Et si, nous aussi, on se mettait à manger de la féverole ?
En France, la féverole sert aujourd'hui principalement à l'alimentation pour le bétail. Et demain ? (Photo : Bio en Hauts-de-France)

La féverole est une légumineuse uniquement destinée aux bétails. C’est contre cette idée reçue que plusieurs acteurs de la filière tentent de lutter. Bio en Hauts-de-France a organisé, en décembre dernier, un colloque baptisé « L’autonomie protéique en France et en Belgique : quelle place pour la féverole bio ? » Une quarantaine de participants, venus de France mais aussi de Belgique et des Pays-Bas, étaient présents. Lors de cet événement, un atelier était proposé aux participants sur l’avenir de cette plante pour l’alimentation humaine. Sa culture, très intéressante pour les sols, représente 28 % des surfaces cultivées en légumineuses dans les Hauts-de-France. Aujourd’hui, en France, cette légumineuse s’adresse principalement à l’alimentation animale.
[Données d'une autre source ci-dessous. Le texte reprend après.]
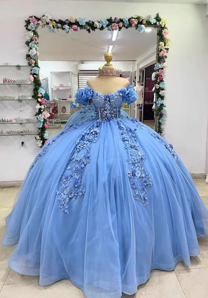 Women colorful off-the-shoulder appliqué formal party dress with tulle appliqués(Processing time need 3-6 days)

Mais une réglementation est venue impacter à la baisse les besoins des fabricants d’aliments pour le bétail. L’avenir de la féverole dans le secteur ne passerait-il donc pas par nos assiettes ? Certaines variétés de féveroles, celles de printemps notamment, disposeraient de nombreuses qualités nutritionnelles aussi pour l’homme, grâce à un taux de protéines intéressant. Et il y a de l’espoir car si en France, elle est absente de nos assiettes, cette plante est mangée en grande quantité au Moyen-Orient, notamment en Égypte. Ainsi, plusieurs enjeux se posent selon Eva Coudray, chargée de mission chez Bio en Hauts-de-France : « en plus de combattre l’idée reçue selon laquelle la féverole ne s’adresse qu’aux animaux, il faut également parvenir à développer une culture culinaire grâce à différents produits issus de cette légumineuse, mais également la faire connaître auprès des structures qui la transforment ».

Transformer la féverole

Premier obstacle : la bruche, coléoptère qui colonise la féverole. Si cela ne représente aucun danger pour la santé, l’aspect visuel de ses dégâts reste gênant pour sa commercialisation. D’où l’importance de transformer la féverole pour la commercialiser. D’autant que cela présente un avantage : décortiquer, la féverole voit son taux de protéine augmenter.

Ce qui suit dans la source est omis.